■ **Aim of the exercise**
Copy exactly the stretch of data below from the line with "26春译林版三年级下册英语《1-8单元考点知识清单》,共11页,可打印" through the line with "Click Save As", including both of those lines.

■ **Given records**
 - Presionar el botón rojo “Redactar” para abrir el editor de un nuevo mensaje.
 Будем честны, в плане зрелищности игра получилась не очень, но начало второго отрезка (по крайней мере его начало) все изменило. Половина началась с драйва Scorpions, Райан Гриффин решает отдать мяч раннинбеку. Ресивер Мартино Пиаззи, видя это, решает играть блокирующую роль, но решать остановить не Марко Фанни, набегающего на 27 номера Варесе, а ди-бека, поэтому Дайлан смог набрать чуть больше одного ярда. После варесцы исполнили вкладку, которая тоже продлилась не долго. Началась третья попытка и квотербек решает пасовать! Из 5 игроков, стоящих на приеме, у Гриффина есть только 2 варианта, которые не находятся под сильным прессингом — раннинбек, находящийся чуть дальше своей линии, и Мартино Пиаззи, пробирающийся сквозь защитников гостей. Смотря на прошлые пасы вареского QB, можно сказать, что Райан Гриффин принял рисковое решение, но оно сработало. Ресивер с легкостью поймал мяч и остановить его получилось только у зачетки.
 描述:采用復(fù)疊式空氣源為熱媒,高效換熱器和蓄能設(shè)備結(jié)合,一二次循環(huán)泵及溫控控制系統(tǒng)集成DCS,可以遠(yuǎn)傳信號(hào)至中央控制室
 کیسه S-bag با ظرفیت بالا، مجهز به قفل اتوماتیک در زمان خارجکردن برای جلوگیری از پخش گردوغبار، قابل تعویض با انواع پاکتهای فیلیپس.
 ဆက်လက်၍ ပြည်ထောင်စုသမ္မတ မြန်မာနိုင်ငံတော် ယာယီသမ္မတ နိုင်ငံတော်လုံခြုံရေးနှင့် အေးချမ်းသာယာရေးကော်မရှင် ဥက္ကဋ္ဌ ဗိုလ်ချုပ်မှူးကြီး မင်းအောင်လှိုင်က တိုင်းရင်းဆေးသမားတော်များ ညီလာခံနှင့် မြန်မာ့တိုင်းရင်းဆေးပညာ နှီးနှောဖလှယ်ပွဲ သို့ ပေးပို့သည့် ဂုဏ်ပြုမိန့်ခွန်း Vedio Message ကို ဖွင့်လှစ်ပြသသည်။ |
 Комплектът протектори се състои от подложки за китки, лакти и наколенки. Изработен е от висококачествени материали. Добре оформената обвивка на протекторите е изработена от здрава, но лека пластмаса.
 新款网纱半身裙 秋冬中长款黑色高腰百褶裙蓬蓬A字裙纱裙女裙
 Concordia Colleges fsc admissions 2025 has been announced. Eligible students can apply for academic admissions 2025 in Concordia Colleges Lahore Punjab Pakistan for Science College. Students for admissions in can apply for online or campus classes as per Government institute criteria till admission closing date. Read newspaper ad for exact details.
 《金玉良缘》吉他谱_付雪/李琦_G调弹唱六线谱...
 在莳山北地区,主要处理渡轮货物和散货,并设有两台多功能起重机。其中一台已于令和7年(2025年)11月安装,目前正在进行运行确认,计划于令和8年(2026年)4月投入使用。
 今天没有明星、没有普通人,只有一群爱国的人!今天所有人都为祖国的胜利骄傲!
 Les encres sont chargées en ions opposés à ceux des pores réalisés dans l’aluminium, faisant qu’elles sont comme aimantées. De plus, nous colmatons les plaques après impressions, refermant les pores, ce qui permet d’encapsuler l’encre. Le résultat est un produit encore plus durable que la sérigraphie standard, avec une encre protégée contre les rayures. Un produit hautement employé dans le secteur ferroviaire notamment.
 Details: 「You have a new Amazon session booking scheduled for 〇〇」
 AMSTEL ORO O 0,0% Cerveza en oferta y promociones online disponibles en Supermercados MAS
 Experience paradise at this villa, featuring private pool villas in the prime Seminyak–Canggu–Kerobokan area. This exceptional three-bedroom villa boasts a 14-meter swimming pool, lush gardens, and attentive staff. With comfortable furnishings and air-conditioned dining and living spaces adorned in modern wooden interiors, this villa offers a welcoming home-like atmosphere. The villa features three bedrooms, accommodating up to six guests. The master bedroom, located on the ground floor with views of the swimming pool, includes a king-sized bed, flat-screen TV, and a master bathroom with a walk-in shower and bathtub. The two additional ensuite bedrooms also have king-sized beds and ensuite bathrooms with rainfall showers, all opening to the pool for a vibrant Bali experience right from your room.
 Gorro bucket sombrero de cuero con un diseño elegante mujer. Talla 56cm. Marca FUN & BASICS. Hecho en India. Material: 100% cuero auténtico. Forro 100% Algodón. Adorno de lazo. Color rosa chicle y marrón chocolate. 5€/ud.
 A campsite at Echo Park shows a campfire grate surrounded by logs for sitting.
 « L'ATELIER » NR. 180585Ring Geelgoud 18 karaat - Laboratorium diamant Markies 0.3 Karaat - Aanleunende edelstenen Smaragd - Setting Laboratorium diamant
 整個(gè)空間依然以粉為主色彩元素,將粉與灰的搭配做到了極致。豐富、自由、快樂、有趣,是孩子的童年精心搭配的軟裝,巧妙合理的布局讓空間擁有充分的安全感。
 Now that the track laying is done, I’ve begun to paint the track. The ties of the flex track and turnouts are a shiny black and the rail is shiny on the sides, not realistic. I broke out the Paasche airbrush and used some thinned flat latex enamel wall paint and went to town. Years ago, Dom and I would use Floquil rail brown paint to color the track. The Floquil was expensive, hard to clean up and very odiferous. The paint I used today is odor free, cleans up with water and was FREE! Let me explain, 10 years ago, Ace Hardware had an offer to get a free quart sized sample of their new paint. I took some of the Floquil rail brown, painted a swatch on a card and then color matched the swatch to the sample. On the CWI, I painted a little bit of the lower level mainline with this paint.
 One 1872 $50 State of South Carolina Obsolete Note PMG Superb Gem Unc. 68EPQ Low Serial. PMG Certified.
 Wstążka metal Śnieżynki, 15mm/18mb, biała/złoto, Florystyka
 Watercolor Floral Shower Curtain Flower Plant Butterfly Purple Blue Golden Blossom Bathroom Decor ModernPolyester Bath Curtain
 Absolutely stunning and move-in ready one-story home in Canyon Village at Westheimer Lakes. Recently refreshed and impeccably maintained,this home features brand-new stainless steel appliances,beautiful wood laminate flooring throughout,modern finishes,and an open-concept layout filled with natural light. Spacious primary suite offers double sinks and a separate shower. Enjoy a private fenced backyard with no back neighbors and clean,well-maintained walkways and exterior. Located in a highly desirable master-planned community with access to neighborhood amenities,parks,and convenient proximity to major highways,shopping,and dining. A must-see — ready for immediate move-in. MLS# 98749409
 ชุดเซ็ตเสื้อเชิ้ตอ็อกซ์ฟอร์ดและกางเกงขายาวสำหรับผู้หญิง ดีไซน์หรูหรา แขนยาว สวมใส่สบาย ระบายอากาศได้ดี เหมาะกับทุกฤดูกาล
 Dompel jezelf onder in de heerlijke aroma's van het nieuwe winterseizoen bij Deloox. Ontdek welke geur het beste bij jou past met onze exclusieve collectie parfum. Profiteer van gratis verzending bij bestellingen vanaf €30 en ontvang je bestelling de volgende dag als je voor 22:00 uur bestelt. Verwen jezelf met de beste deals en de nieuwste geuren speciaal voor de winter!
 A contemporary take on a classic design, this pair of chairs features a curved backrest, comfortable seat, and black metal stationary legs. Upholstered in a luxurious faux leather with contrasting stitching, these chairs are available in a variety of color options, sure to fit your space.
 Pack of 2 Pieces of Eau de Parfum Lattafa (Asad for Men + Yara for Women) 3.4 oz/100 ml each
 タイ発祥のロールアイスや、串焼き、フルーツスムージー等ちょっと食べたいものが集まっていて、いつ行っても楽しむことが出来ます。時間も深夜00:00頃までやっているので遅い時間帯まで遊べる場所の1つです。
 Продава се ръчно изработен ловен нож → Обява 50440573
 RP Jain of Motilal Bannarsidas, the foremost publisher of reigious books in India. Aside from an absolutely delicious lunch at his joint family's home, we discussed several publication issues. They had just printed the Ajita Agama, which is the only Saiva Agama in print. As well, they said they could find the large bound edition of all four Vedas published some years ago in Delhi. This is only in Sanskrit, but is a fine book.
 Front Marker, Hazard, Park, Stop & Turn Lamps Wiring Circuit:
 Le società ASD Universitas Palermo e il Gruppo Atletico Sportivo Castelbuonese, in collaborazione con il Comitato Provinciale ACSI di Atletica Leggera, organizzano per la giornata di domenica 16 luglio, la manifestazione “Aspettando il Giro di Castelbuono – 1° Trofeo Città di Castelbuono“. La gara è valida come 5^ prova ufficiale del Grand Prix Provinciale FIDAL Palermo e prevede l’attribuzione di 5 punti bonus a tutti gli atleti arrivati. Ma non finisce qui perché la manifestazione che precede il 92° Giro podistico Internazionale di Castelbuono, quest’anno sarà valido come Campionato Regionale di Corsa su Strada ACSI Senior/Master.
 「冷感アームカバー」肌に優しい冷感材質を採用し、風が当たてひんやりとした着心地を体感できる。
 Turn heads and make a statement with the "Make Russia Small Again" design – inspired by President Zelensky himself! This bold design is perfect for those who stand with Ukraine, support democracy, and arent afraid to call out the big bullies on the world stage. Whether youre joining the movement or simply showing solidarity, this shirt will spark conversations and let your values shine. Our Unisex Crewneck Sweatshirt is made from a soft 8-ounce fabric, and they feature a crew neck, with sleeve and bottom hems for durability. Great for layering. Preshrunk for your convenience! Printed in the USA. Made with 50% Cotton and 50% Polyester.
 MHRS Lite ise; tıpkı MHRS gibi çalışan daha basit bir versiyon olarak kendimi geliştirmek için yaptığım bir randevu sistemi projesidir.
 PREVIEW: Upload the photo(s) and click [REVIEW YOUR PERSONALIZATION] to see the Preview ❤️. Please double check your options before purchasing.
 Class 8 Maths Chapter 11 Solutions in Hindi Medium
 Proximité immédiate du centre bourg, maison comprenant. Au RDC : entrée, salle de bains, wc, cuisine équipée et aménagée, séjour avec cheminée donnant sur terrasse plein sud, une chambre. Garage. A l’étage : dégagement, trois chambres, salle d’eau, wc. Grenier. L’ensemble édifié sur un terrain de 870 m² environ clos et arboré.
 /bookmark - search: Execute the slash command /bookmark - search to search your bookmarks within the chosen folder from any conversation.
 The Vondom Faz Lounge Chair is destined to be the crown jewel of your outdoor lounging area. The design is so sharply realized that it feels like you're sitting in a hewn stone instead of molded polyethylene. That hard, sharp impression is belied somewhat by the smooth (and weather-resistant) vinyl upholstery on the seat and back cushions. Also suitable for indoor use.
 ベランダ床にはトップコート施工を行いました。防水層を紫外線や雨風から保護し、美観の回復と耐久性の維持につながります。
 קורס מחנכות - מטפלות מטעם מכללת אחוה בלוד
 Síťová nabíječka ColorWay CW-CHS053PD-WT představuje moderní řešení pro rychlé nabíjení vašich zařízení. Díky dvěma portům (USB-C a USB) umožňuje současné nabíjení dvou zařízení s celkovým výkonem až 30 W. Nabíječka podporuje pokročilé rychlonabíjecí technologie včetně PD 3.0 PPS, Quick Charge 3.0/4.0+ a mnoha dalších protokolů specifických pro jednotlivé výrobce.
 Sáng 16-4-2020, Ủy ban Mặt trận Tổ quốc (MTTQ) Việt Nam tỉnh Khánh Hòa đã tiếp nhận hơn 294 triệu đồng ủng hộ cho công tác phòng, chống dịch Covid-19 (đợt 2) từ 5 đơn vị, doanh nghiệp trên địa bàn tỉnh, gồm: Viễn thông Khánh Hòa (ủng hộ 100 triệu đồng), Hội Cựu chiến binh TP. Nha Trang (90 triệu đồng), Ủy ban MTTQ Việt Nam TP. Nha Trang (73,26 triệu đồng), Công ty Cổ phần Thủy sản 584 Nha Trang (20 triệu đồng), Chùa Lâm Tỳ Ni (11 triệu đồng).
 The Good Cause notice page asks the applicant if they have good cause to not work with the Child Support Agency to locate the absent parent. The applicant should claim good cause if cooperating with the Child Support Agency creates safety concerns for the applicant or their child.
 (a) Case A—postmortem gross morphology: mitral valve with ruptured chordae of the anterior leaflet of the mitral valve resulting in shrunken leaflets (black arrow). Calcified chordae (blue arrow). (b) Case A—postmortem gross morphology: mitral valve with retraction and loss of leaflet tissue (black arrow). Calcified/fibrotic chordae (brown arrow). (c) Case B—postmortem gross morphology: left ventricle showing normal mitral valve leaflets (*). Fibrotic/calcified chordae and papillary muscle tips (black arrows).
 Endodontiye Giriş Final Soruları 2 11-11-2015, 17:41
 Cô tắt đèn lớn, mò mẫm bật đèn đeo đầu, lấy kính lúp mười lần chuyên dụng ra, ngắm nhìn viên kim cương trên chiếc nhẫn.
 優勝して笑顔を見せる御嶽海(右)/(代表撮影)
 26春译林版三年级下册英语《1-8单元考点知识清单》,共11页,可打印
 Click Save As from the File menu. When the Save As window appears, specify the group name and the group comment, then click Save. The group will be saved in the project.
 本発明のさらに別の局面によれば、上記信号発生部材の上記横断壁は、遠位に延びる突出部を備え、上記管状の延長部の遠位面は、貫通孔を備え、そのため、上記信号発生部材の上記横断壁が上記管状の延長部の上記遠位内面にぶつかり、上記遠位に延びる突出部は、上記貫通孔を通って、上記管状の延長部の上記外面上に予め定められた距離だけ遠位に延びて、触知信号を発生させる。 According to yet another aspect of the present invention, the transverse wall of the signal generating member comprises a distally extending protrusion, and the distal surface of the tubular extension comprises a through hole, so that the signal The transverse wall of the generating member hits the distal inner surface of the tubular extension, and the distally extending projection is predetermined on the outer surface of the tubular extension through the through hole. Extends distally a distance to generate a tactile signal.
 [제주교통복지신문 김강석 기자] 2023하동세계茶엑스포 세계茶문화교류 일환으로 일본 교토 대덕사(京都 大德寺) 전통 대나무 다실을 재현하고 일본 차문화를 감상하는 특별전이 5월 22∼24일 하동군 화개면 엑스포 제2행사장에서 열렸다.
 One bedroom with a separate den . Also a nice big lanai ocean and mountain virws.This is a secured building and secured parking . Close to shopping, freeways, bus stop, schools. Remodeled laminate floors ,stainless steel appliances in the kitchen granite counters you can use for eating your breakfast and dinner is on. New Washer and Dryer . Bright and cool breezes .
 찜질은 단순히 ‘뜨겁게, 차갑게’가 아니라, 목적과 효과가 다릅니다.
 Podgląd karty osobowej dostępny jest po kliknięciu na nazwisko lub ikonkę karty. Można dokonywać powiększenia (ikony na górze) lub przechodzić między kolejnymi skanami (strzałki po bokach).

■ **Final answer**
 26春译林版三年级下册英语《1-8单元考点知识清单》,共11页,可打印
 Click Save As from the File menu. When the Save As window appears, specify the group name and the group comment, then click Save. The group will be saved in the project.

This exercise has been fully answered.